Our criteria for a week's holiday were simple: less than ten hours' flying, preferably overnight; and a manageable time difference to somewhere offering both adventure and relaxation.

The beaches of India, the Maldives, Indonesia and the Far East were deemed too far, even though Burma looks tempting now that Aung San Suu Kyi's 15-year staycation has come to a welcome end.

Eschewing old favourites Cape Town and Morocco, we contacted Scott Dunn and plumped for Zanzibar off the East African coast. Great call.

Zanzibar - the original Spice Island. The very name conjures up exotic images in the mind's eye: tropical beaches, spice markets, dhow sails in the sunset. Well, what your mind sees is what you get.

In just under ten hours, good old British Airways had got us, comfortably and right on schedule, to Dar es Salaam, capital of Tanzania, where the tourists divide - some heading for the safari reserves of Ruaha, Selous or the Serengeti to see the animals (and the minibuses) in the Ngorongoro crater or climb Kilimanjaro.

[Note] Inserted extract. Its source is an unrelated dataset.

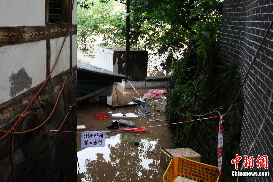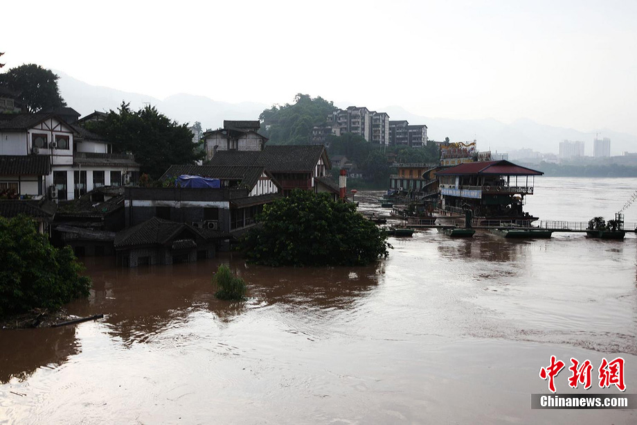 7月19日,今年入汛以來最大洪峰經(jīng)過重慶主城,長江、嘉陵江水位上漲。記者在重慶古鎮(zhèn)磁器口看到,從磁器口江邊至磁器口街道的梯坎已“隱”于水面下,標(biāo)志性牌匾龍隱門沒至“腰部”,靠近江邊的商鋪及民居被淹。目前,大部分商家、市民接預(yù)警已提前撤場歇業(yè)或撤離至安全地帶。截至記者趕赴磁器口途中,部分必經(jīng)路段已實(shí)施交通管制,磁器口正街漲水期間亦采取禁行措施。據(jù)長江水利委員會水文局監(jiān)測數(shù)據(jù),19日20時長江重慶寸灘站水位超過185米,這是重慶遭遇的長江今年以來最大洪峰。截至20日0時,長江重慶水位仍在185.06米的峰值上流動,洪峰仍在過境重慶。 劉函冉 攝

Others, ourselves included, were transported to await our local onward flight in the VIP terminal.

This is in fact a basic concrete waiting room with open sides where birds hop in and out, a handful of Africans doze and a couple of locals sit chatting at a cafe called The Art of Coffee - the 'art' apparently being to dispense coffee with as much nonchalance and lack of interest as it's possible to muster. Welcome to Africa.

After a longish wait, our pilot arrived to tell us (reassuringly) that rather than wait another hour for fuel, we'd pick up some in Zanzibar before flying to our final destination: Pemba Island.